Vladimir Ilyich Ulyanov, better known as Vladimir Lenin, was a Russian revolutionary, leader of the Russian Social Democratic Labour Party (Bolsheviks), statesman and political theorist. After the October Revolution he served as the first and founding head of government of Soviet Russia from 1917 until his death in 1924 and of the Soviet Union from 1922 until his death in 1924.
As a selection of some of Lenin’s most important writings on the role of the Communist Party and its relationship to the working class (and various other classes), and arranged by order of date, this book offers a guide of sorts into the development and general work of the party at different periods and in connection with certain tasks, making this book particularly useful at a time when there are still no actual Communist Parties in most countries and the tasks of the communists closely resemble those faced by the communists in Lenin’s time.
Although this selection probably would’ve been helped by the addition of the articles “Where to Begin?”, “Draft Declaration of the Editorial Board of Iskra”, and perhaps a couple of chapters from “What is to be Done?” which offer some crucial lessons in building the party, the early writings, especially “The Urgent Tasks of Our Movement”, are a scathing condemnation of narrow circle attitudes which remain especially pertinent against the erroneous Maoist trend of “pre-party organisations”, showing that, instead, the party is built by merging communist thought with the workers’ movement and the activities of its propagation, namely through the revolutionary periodical — the “Iskra plan”.
In fact, much of this book offers a polemic against the various forms of sectarianism, from narrow circle mentalities to erroneous views on parliament work and daily agitation. The methods and stages of political development outlined by Lenin in the works contained show that the party can never confine its activities to simply one or two methods of reaching the workers (as is the practice of many reformists today), but that, as Lenin himself says, “all methods of struggle, provided they correspond to the forces at the disposal of the Party and facilitate the achievement of the best results possible under the given conditions” (p. 11-12), with Lenin naming but a few of such methods and how to properly utilise them and identify the time for their correct utilisation (e.g. parliamentarianism and boycotts).
Another outstanding feature of this volume is that in the works of Lenin selected is a great elucidation of the relationship of the party, as the party of the proletariat, to various classes and, namely, how it interacts with the workers on the road to socialist revolution. Lenin makes clear that “the proletarian revolution is impossible without the sympathy and support of the overwhelming majority of the working people for their vanguard—the proletariat. But this sympathy and this support are not forthcoming immediately and are not decided by elections. They are won in the course of long, arduous and stern class struggle. The class struggle waged by the proletariat for the sympathy and support of the majority of the working people does not end with the conquest of political power by the proletariat. After the conquest of power this struggle continues, but in other forms” (p. 81-82), and through the course of the various works contained shows how the level of support enjoyed by the party among the working class is to be gauged and contributes to defining what constitutes the “advanced” section of the working class.
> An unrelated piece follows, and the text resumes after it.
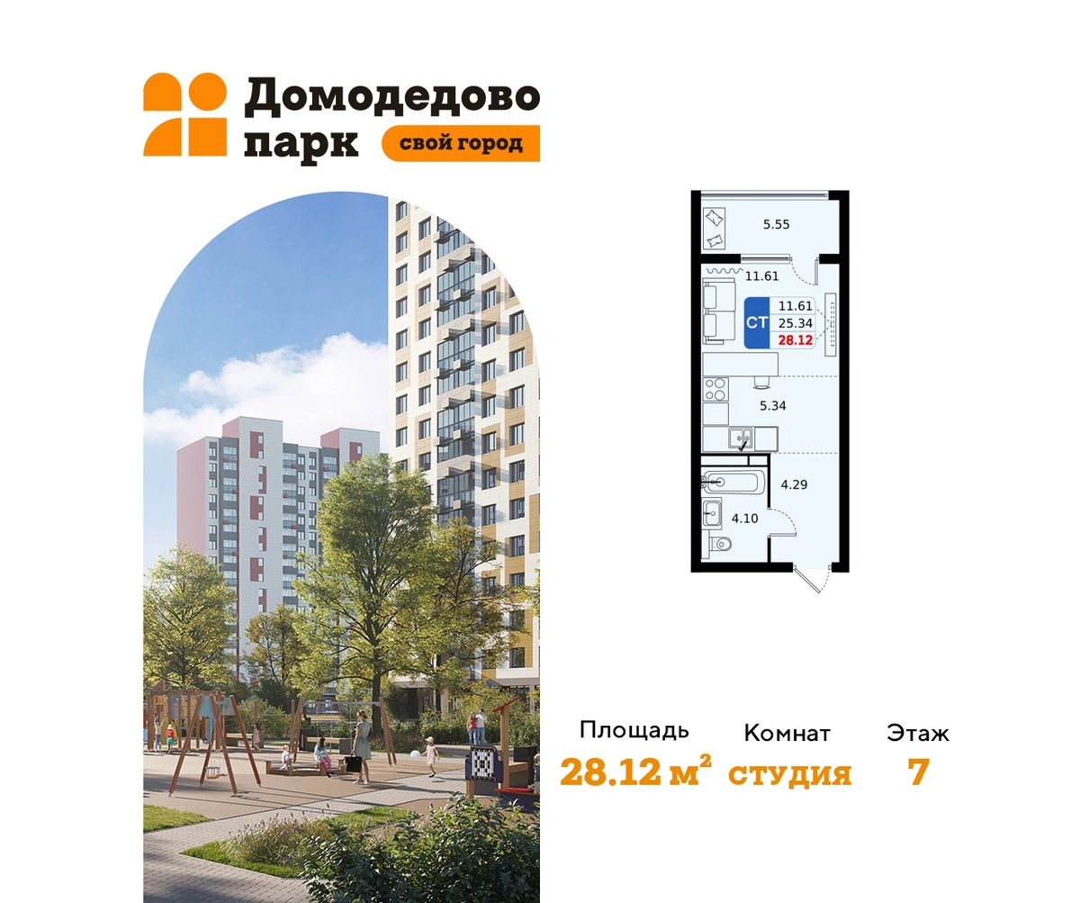 Выгода до 27%. Срок сдачи 2026 год. Продажа напрямую от застройщика в жилом комплексе комфорт класса "Домодедово парк" площадью 28.10 кв.м на 7 этаже 17 этажного дома. Квартира с предчистовой отделкой.
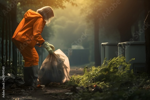 Woman wearing protective gear diligently picking up trash in a public park, exemplifying the spirit of community service and environmental responsibility

Here, Lenin also offers a great insight into the relationship of the Communist Party to the peasantry and petty-bourgeoisie, the former of which — as the history of the Russian Revolution teaches —- can become the vast reserve of the proletariat in socialist revolution and construction, explaining how to judge acceptable and unacceptable compromises concretely without falling into formulas and, in addition, the immense value of the liberties afforded by bourgeois-democracy for gauging support from the workers and peasants and allowing the party to conduct its work relatively freely.
Perhaps the final outstanding feature of this book is Lenin’s elucidations on leadership and the role of individuals in the party. Beyond the obvious reference to how leadership of the working class by the party works and in what forms this leadership manifests, Lenin speaks to the role of individual leaders of the party, describing what kind of traits they ought to exhibit and how personalities in the party should be judged, reminding that someone who may appear bad at working in the conditions of parliament may be sublime in illegal work and vice versa, all the while showing under what conditions such leaders are forged and what role they play in the party, shattering the S.R. and Narodnik ideas about “heroes making the masses”.
Although, I think, a few extra works should’ve been added, particularly from Lenin’s early life, this book is an excellent selection of Lenin’s works on the activity of the party, being a useful guide, and polemic against sectarianism and certain ultra-leftist tendencies.